→ **Available data**:

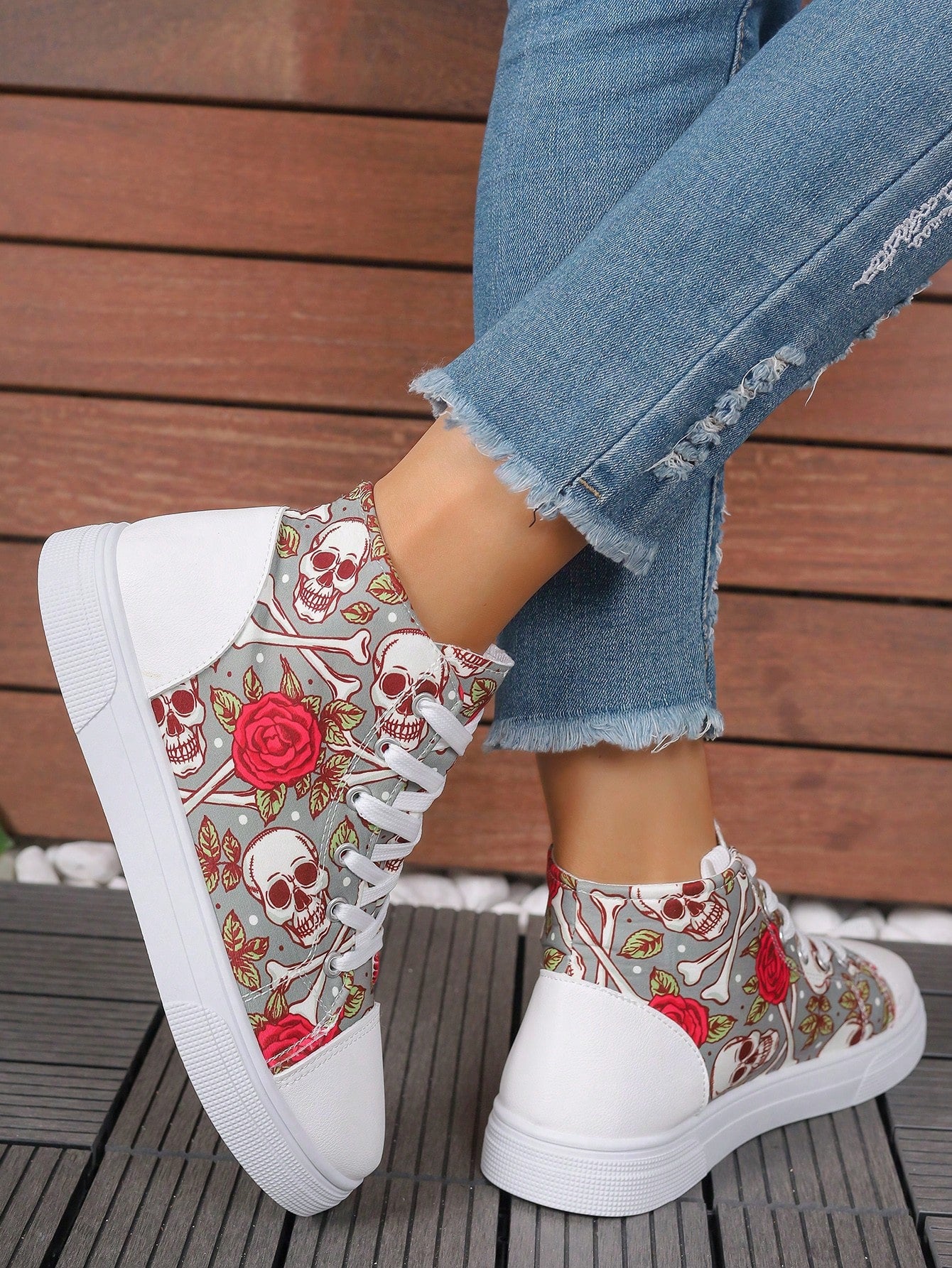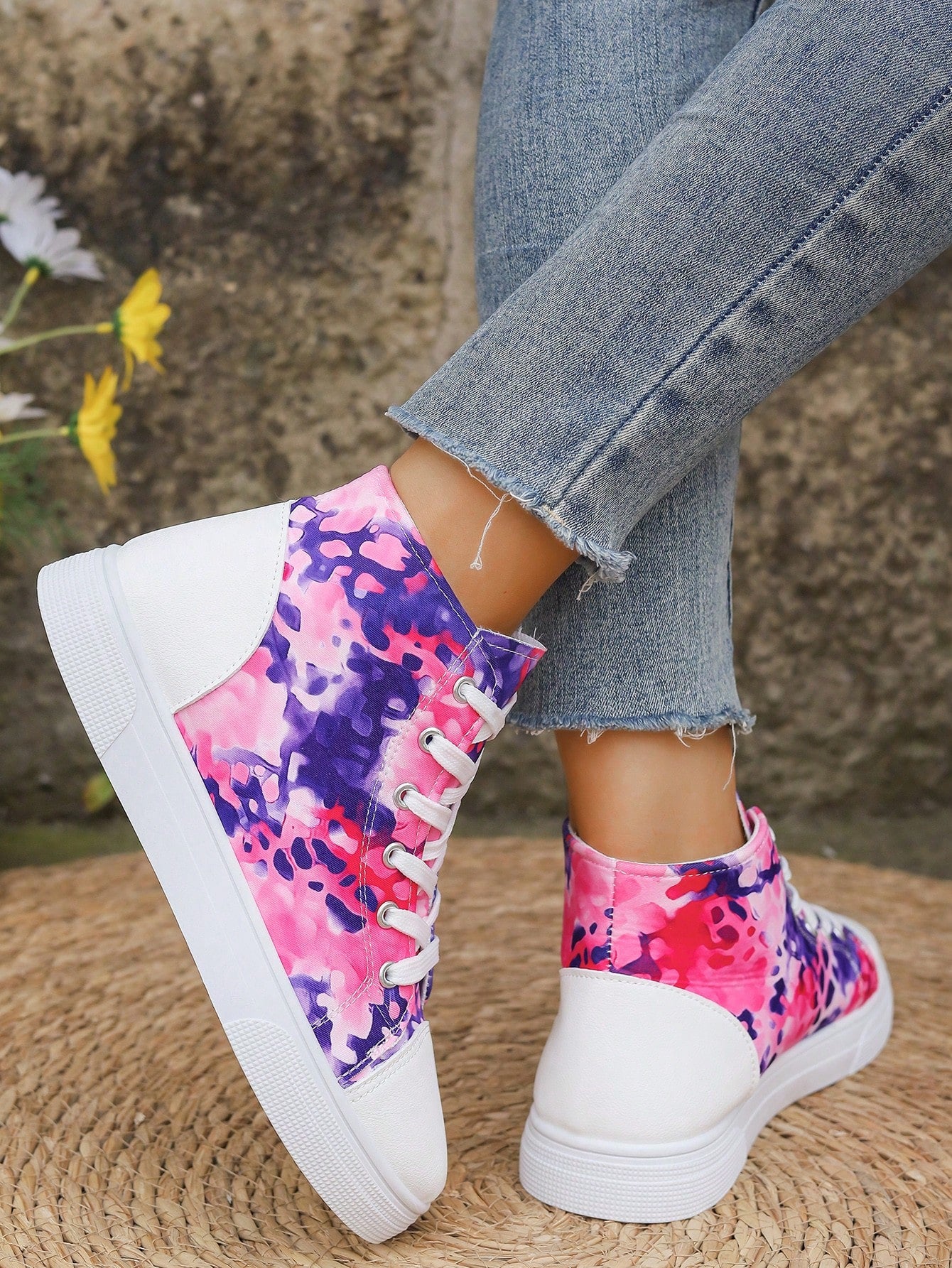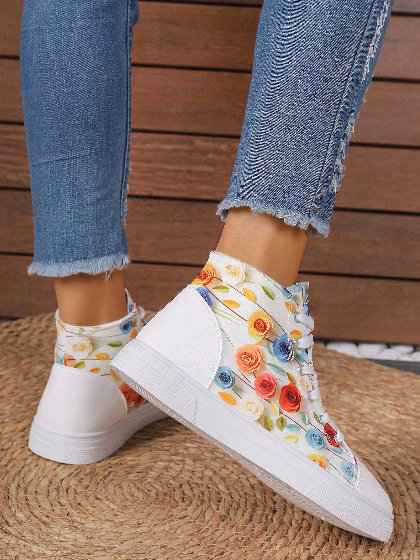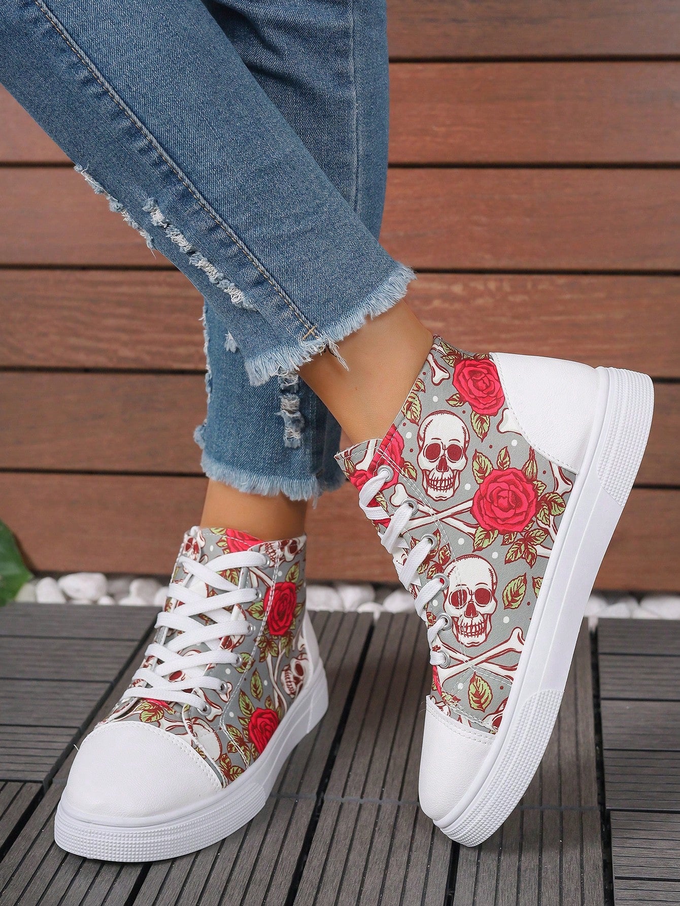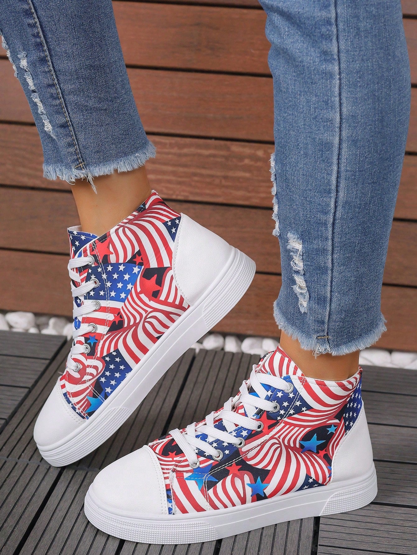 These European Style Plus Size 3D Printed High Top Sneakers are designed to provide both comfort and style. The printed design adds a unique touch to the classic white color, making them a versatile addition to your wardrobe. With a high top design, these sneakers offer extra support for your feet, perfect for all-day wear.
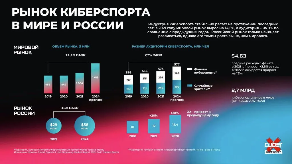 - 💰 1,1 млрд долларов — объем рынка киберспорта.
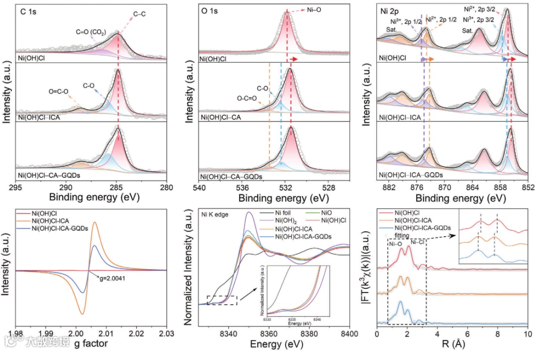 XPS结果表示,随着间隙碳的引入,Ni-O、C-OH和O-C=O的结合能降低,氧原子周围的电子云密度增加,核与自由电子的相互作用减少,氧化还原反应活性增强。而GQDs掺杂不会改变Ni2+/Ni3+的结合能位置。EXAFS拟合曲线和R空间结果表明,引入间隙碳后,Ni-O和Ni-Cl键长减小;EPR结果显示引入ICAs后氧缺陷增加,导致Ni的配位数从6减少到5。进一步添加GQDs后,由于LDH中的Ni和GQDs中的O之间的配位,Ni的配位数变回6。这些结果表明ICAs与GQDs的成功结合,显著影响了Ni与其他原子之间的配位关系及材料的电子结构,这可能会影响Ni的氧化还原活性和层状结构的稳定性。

→ **Task statement**: When you output the listing, reproduce it exactly but drop its pictures.

→ **Response to this task**:
 These European Style Plus Size 3D Printed High Top Sneakers are designed to provide both comfort and style. The printed design adds a unique touch to the classic white color, making them a versatile addition to your wardrobe. With a high top design, these sneakers offer extra support for your feet, perfect for all-day wear.
 - 💰 1,1 млрд долларов — объем рынка киберспорта.
 XPS结果表示,随着间隙碳的引入,Ni-O、C-OH和O-C=O的结合能降低,氧原子周围的电子云密度增加,核与自由电子的相互作用减少,氧化还原反应活性增强。而GQDs掺杂不会改变Ni2+/Ni3+的结合能位置。EXAFS拟合曲线和R空间结果表明,引入间隙碳后,Ni-O和Ni-Cl键长减小;EPR结果显示引入ICAs后氧缺陷增加,导致Ni的配位数从6减少到5。进一步添加GQDs后,由于LDH中的Ni和GQDs中的O之间的配位,Ni的配位数变回6。这些结果表明ICAs与GQDs的成功结合,显著影响了Ni与其他原子之间的配位关系及材料的电子结构,这可能会影响Ni的氧化还原活性和层状结构的稳定性。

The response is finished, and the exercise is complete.